Press Release.

17.05.2017

LBBW: Consolidated profit before tax of EUR 122 million in the first quarter

Landesbank Baden-Württemberg (LBBW) started the year 2017 with profit growth thanks to solid customer business and persistently low allowances for losses on loans and advances. Profit before tax came to EUR 122 million in the first quarter, equivalent to an increase of EUR 51 million over the pre-year period. Net profit after tax rose by EUR 36 million to EUR 79 million.

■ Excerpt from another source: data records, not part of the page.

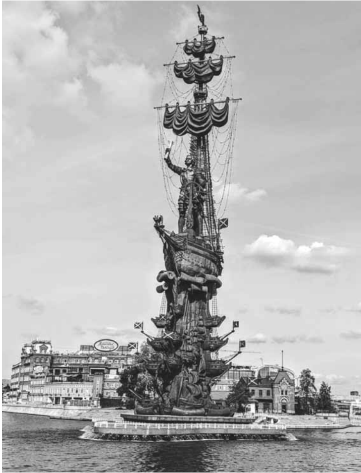
Zurabo Ceretelio „Petras Didysis“, 1997 m.

Iškilęs 98 metrus (322 pėdas) virš Maskvos upės, tarp hipsterių barų buvusiam „Raudonojo spalio“ šokolado fabrike, ištaigingų Prečistenskajos krantinės namų ir Muzeono menų parko Skulptūrų sodo stovi caras Petras Didysis (valdęs 1682–1725 m.), įamžintas tūkstančiu tonų plieno, bronzos ir vario. Tai stebėtinai
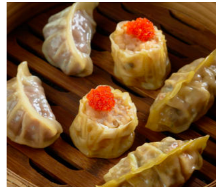
Ассорти пшеничных Дим Сам ASSORTED WHEAT DIM SUM 什锦小麦点心
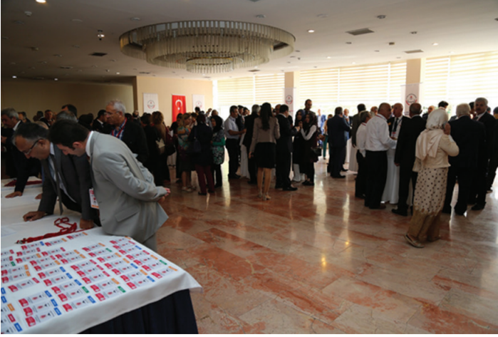
25-26 Eylül 2017 tarihleri arasında gerçekleştirilen Trafik Genel Eğitim Planı Çalıştayı'ndan görüntüler
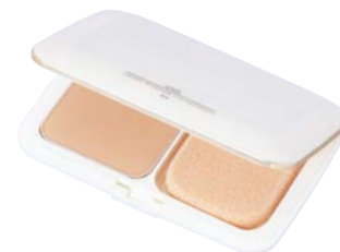
モイストパウダーファンデーション
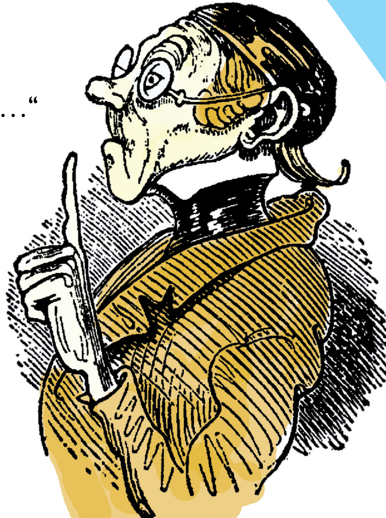
Wilhelm Buschs Lehrer Lämpel

Als durch schulpolitische Verordnung Orschweierer Schüler nach Mohlbürg mussten, gab es Unmut in der dortigen Bevölkerung. Man fragte sich, ob im Ort ein „Bildungsnotstand“ herrsche und zudem sei der Anstieg zu der Schule auf dem Buckel beschwerlich. Diese Aussage reizte mich, an Fasnacht einen karikierenden Umzugswagen mit nach vorne gebeugten Schülern Richtung Mohlbürg pilgernd mit Blick auf das Schloss zu fertigen.

  • Rise of EUR 51 million in consolidated profit before tax over the previous year
  • Stable results in customer business
  • Net interest income and net fee and commission income nearly steady despite low interest rates and harsh competition
  • Higher forward-looking investments in IT
  • Already high capitalization once again improved: Common Equity Tier 1 capital ratio of 15.4 percent and total capital ratio of 21.7 percent (according to CRR/CRD IV fully loaded)

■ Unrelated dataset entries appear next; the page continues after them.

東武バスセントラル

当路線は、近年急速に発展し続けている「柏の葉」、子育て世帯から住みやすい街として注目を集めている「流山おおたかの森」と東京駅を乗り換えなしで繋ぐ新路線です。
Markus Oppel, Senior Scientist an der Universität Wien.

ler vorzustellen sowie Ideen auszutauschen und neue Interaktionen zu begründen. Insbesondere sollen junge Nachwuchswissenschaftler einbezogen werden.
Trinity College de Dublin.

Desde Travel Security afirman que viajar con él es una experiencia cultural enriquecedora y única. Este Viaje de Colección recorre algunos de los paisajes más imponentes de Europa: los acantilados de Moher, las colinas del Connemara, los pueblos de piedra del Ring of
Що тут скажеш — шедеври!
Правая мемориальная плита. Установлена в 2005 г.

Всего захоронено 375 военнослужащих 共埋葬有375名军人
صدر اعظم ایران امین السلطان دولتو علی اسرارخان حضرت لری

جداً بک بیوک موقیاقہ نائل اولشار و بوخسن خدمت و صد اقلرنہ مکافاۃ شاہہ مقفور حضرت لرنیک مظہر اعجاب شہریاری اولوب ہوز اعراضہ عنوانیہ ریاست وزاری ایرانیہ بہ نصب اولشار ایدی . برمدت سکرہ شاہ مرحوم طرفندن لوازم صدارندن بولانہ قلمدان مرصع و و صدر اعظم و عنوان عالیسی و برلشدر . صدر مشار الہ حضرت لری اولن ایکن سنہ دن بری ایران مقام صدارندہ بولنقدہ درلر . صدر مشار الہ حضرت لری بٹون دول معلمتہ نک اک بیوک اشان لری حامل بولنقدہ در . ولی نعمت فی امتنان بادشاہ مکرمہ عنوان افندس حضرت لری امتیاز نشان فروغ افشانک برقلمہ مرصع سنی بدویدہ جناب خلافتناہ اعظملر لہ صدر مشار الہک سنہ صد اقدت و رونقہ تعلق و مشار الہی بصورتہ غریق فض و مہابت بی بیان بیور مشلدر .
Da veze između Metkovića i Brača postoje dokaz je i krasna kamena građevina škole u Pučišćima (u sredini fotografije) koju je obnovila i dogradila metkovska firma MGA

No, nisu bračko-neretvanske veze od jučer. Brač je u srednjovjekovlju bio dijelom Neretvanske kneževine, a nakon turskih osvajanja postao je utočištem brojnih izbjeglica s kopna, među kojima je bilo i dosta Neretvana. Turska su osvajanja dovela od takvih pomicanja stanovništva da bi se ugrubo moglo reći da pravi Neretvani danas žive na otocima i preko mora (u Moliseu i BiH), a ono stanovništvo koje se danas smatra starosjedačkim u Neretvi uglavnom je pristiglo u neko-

Landesbank Baden-Württemberg (LBBW) started the year 2017 with profit growth thanks to solid customer business and persistently low allowances for losses on loans and advances. Profit before tax came to EUR 122 million in the first quarter, equivalent to an increase of EUR 51 million over the pre-year period. Net profit after tax rose by EUR 36 million to EUR 79 million.

Rainer Neske, Chairman of LBBW's Board of Managing Directors: “We generated a good result in the first quarter. Our customer business recorded an overall respectable performance against the backdrop of low interest rates and harsh competition in corporate customer business. At the same time, we are continuing to invest heavily in the modernization and efficiency of our IT, and the first quarter was no exception.“

LBBW also reported very good capitalization by industry standards as at 31 March 2017: the Common Equity Tier 1 capital ratio stood at 15.6 percent under current regulatory law (CRR/CRD IV with transitional rules) and 15.4 percent in accordance with CRR/CRD IV (fully loaded), which takes effect in 2019. The total capital ratio came to 21.9 percent under the transitional rules and 21.7 percent under CRR/CRD IV on a fully loaded basis.

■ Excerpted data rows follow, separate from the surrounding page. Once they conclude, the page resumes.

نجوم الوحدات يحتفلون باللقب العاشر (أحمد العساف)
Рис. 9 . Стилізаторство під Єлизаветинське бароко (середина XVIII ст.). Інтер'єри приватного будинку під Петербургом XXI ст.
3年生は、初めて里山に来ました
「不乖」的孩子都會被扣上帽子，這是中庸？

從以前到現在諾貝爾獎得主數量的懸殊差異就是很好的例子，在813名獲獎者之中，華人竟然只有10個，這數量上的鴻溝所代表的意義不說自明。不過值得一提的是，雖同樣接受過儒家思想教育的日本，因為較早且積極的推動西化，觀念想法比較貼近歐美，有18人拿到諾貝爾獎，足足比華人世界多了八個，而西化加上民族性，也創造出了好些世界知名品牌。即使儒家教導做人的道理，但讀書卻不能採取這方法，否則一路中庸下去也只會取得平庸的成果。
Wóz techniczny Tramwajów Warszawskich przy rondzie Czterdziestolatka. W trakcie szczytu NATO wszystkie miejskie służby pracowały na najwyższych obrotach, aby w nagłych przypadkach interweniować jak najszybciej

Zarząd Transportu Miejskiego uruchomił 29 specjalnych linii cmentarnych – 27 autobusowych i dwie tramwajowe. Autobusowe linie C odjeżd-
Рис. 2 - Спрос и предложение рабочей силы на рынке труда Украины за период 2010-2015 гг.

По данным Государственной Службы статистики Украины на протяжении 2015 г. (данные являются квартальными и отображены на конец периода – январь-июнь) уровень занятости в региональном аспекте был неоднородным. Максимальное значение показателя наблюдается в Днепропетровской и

Risk weighted assets remained almost unchanged at EUR 77 billion. At 4.1 percent the leverage ratio easily exceeded the regulatory minimum of 3 percent.

Overview of expense and income items

At EUR 408 million, net interest income after three months was almost at the pre-year level (EUR 414 million). While lending business achieved respectable performance, the historically low interest rates resulting from the European Central Bank's expansionary monetary policy continued to exert strain.

At EUR 16 million, allowances for losses on loans and advances exceeded the pre-year figure of EUR 4 million, but measured against the long-term average they remain at a very low level. This fact reflects the robust economy and the good shape of the companies in LBBW's core markets.

Net fee and commission income of EUR 136 million was slightly higher than in the previous year (EUR 135 million). In the first quarter, payments and custodian business in particular contributed to this trend.

Net gains/losses from financial instruments measured at fair value through profit or loss rose sharply to EUR 86 million (previous year: net losses of EUR 34 million). This result is attributable to factors including lively customer-driven trading business and increased sales of retail certificates. In addition, negative valuation effects of interest rate derivatives failed to materialize; these effects had weighed substantially on the pre-year result.

Net gains/losses from financial investments and net income/expenses from investments accounted for using the equity method of EUR 59 million (previous year: EUR 70 million) was supported by income from securities sales and commercial investment business.

The rise in administrative expenses to EUR 460 million (previous year: EUR 427 million) is primarily attributable to high spending on IT modernization. LBBW recently adopted OSPlus, the core banking system of the Sparkassen-Finanzgruppe (Savings Bank Finance Group), which will form the basis for the Group's further digitalization.

The guarantee commission for the risk shield of the State of Baden-Württemberg stood at EUR 19 million as at 31 March. The expenses for bank levy and deposit guarantee came to EUR 67 million. This means that the expenses expected for the year as a whole have already been absorbed in full in the first quarter. The Bank reported expenses for ongoing internal change projects, such as the restructuring of the back office, under net expenses from restructuring totaling EUR 20 million.

This results in a consolidated profit before tax of EUR 122 million at the end of the quarter, up from EUR 70 million during the same period a year ago. Net consolidated profit at EUR 79 million almost doubled over the previous year (EUR 43 million).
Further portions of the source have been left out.